Hoje, com o Brasil mergulhado na corrupção explícita e assentida da extrema-direita, a emissora nos brinda diariamente com um Brasil cor-de-rosa, estabilizado, democrático e cheio de esperança.

A gente até brinca se perguntando: “aonde está a esperança? Resposta: “nos jornais”.

Desligar a Globo, no entanto, continua sendo a condição básica para que se possa existir um Brasil real.

Não se pode mais contemporizar a existência dessa aberração: uma emissora que nasceu debaixo dos favores de uma ditadura sangrenta e que colaborou com essa ditadura sendo, portanto, co-autora de milhares de assassinatos entre os anos de 1964 e 1985.

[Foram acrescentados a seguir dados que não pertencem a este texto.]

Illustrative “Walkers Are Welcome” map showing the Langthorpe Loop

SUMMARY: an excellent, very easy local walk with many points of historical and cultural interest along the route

Enquanto a sociedade brasileira progressista aceitar a Globo como um grupo de comunicação com direito à existência, o Brasil jamais conquistará sua soberania.

É preciso coragem para tocar nessa que é a maior ferida de nosso tempo. A Rede Globo de Televisão não tem interesse em um Brasil forte e democrático.

Todos sabemos disso, mas é preciso, às vezes, dizer o óbvio.

A conformidade com essa constatação também nos paralisa enquanto nação e enquanto sujeitos. Acostumamos a ver novelas, a assistir programas de auditório, a torcer pela seleção brasileira de futebol… Tudo na mais tranquila e pacífica normalidade, como se todas essas práticas não caracterizassem uma das mais brutais engrenagens de concentração de renda do planeta.

Mais que isso: três novelas diárias são uma extravagância para um país que se pretendia potência econômica. São três horas de força de trabalho (ou de leitura ou de estudo ou de caminhada ou de empoderamento de mulheres e homens) jogadas no lixo. É um desperdício cognitivo sem precedentes.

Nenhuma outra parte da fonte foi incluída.